If the first 20 bits were zero, would you want the output to start
with 00000, or would you want it to be shorter?
--
Dr Richard Stallman
President, Free Software Foundation (https://gnu.org, https://fsf.org)
Internet Hall-of-Famer (https://internethalloffame.org)
Skype: No way! See https://stallman.org/skype.html.
Paul Eggert
2018-05-01 21:45:38 UTC
Permalink
Post by Richard Stallman
If the first 20 bits were zero, would you want the output to start
with 00000, or would you want it to be shorter?
For Git checksums I'd want leading zeros without other decorations like
#x, since that's how Git itself prints those numbers and I'd prefer to
be compatible.
Richard Stallman
2018-05-03 03:34:10 UTC
Permalink
[[[ To any NSA and FBI agents reading my email: please consider ]]]
[[[ whether defending the US Constitution against all enemies, ]]]
[[[ foreign or domestic, requires you to follow Snowden's example. ]]]
Post by Paul Eggert
For Git checksums I'd want leading zeros without other decorations like
#x, since that's how Git itself prints those numbers and I'd prefer to
be compatible.
That means the feature would need to specify the number of hex digits
desired.

Is that the case for all use of hex output?
Is there any counterexample?
--
Dr Richard Stallman
President, Free Software Foundation (https://gnu.org, https://fsf.org)
Internet Hall-of-Famer (https://internethalloffame.org)
Skype: No way! See https://stallman.org/skype.html.
Paul Eggert
2018-05-03 05:53:11 UTC
Permalink
Post by Richard Stallman
That means the feature would need to specify the number of hex digits
desired.
We already have such a feature. For example, (format "%09x" 257) returns
"000000101", which is 257 hexadecimal, expressed using leading zeros as needed
so that at least 9 digits are used. Once Emacs supports bignums, the same
feature can print 40-hex-digit SHA-1 checksums by using (format "%040x" n).
Helmut Eller
2018-05-03 06:26:05 UTC
Permalink
Post by Paul Eggert
Post by Richard Stallman
That means the feature would need to specify the number of hex digits
desired.
We already have such a feature. For example, (format "%09x" 257) returns
"000000101", which is 257 hexadecimal, expressed using leading zeros
as needed so that at least 9 digits are used. Once Emacs supports
bignums, the same feature can print 40-hex-digit SHA-1 checksums by
using (format "%040x" n).
I think the bitwise operations and the resulting negative numbers are
the problematic part:

E.g.

(format "%016x" (lognot 257)) => "3ffffffffffffefe"
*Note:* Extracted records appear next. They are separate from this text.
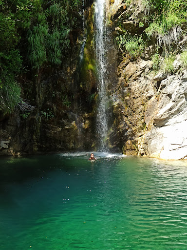 Read moreA fair walk downhill (25 mins) to get to the waterfall and a slow walk back up but totally worth it. The water is very clean and quite cold and it is difficult to resist a dip when the sun is high. (we were told it is around 6 degrees- I managed a swim and I a bit of a wuss with the cold). There is a deep, main pool under the waterfall and some smaller, shallower places downstream. A wooden walkway, benches and a table have been built around the main pool so you can sit and relax if you don't fancy trying the water. The path is well maintained and there are built steps in the trickiest places though I would not recommend it to anyone with...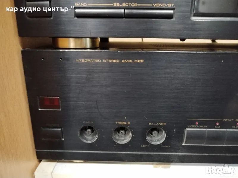 Усилвателя му липсват трите копчета-врътките имат нужда от профилактика,смазване или почистване, шумят при въртене,има опция за дистанционо,очудващо добър звук и мощност има. Цената е за двете заедно.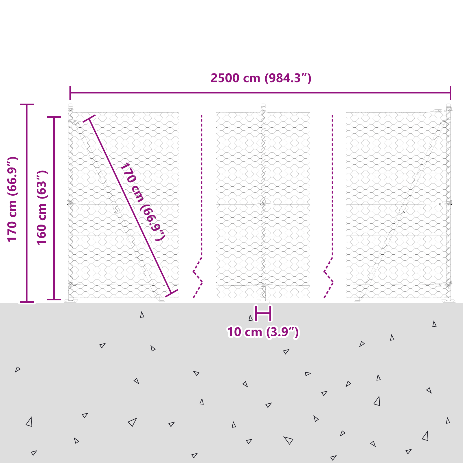 • Celkové rozměry: 2500 x 3,2 x 160 cm (D x Š x V)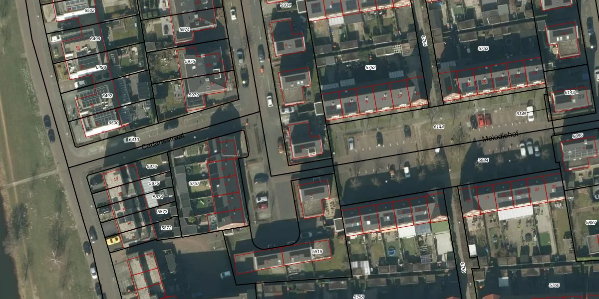 Het perceel waarop Cadansstraat 5 staat heeft een oppervlakte van 1005 m². Dit is een zeer groot perceel. De perceeloppervlakte wordt geregistreerd door het Kadaster. Gedetailleerde informatie over de maten van dit perceel kunt u vinden in het rapport Kadastrale kaart met maatvoering van Cadansstraat 5.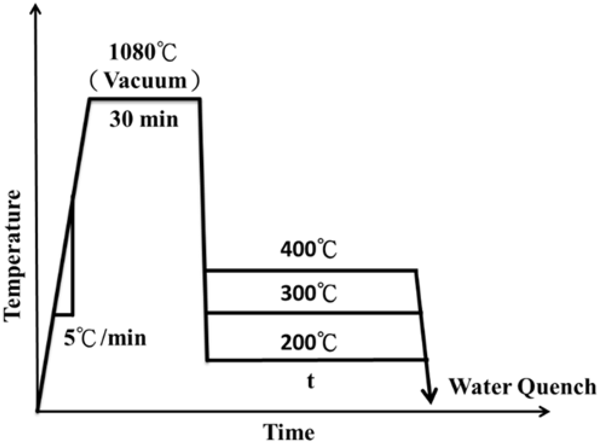 The chemical composition of SUS440 is given in Table 1, the carbon content is 0.75% by mass, the chrome content is 18% by mass, and it contains other alloying elements, such as Si, Mn, and V. This research uses a double loop-type thin plate (t = 0.78 mm) specimen to examine the effects of the punch-shear process on brittleness. Figure 1 shows the dimensions of the specimen. Figure 2 shows a diagram of the austempering process. The heat treatment condition of the specimen was 1080 °C (vacuum) held for 30 min for austenitic treatment (the austenite conditions of all specimens are the same), and then the specimen was immediately moved into a salt-bath furnace for austempering. There were two different conditions for the salt-bath phase and thus two sets of specimens were prepared. The first set underwent the same salt-bath time (120 min) and different constant temperatures (200, 300, and 400 °C), and were then quenched in the water. The second set underwent the same salt-bath temperature (300 °C) and different time intervals (30, 60, 90, and 120 min), and were then quenched in the water. Each austempering condition was called x °C-y min, based on the salt-bath condition, such as 200 °C-120 min [7,8].

but the 16-hex-digit string should be "fffffffffffffefe".

Helmut
Eli Zaretskii
2018-05-03 17:49:38 UTC
Permalink
Date: Thu, 03 May 2018 08:26:05 +0200
I think the bitwise operations and the resulting negative numbers are
E.g.
(format "%016x" (lognot 257)) => "3ffffffffffffefe"
but the 16-hex-digit string should be "fffffffffffffefe".
But a 16-hex-digit fffffffffffffefe is not a fixnum, right?
Paul Eggert
2018-05-03 18:26:31 UTC
Permalink
Post by Eli Zaretskii
Post by Helmut Eller
(format "%016x" (lognot 257)) => "3ffffffffffffefe"
but the 16-hex-digit string should be "fffffffffffffefe".
But a 16-hex-digit fffffffffffffefe is not a fixnum, right?
Exactly right. If we have bignums, this will be straightforward; it'll
work like Common Lisp, Python, etc. and it'll be obvious what to do. The
problems mentioned in this thread mainly come from the fact that Emacs
does not have bignums now and that some code may depend on fixnum
overflow wrapping around.

Here's another way to think about it. (format "%016x" (lognot 257)) is
already nonportable, as it yields "000000003ffffefe" on 32-bit platforms
and "3ffffffffffffefe" on 64-bit platforms. Once we add bignums, the
same expression should yield "-000000000000102" on all platforms. Code
intended to be portable between old and new regimes already needs to
worry about nonportability in this area, and it shouldn't be hard to
adjust (if it needs adjusting at all). Code intended to run only under
the new regime will be able to safely assume the expression yields
"-000000000000102" on all platforms, regardless of whether the
underlying platform is 32- or 64- or some other number of bits, and in
the long run this will reduce the number of portability issues in Elisp
code.
Richard Stallman
2018-05-04 04:26:15 UTC
Permalink
[[[ To any NSA and FBI agents reading my email: please consider ]]]
[[[ whether defending the US Constitution against all enemies, ]]]
[[[ foreign or domestic, requires you to follow Snowden's example. ]]]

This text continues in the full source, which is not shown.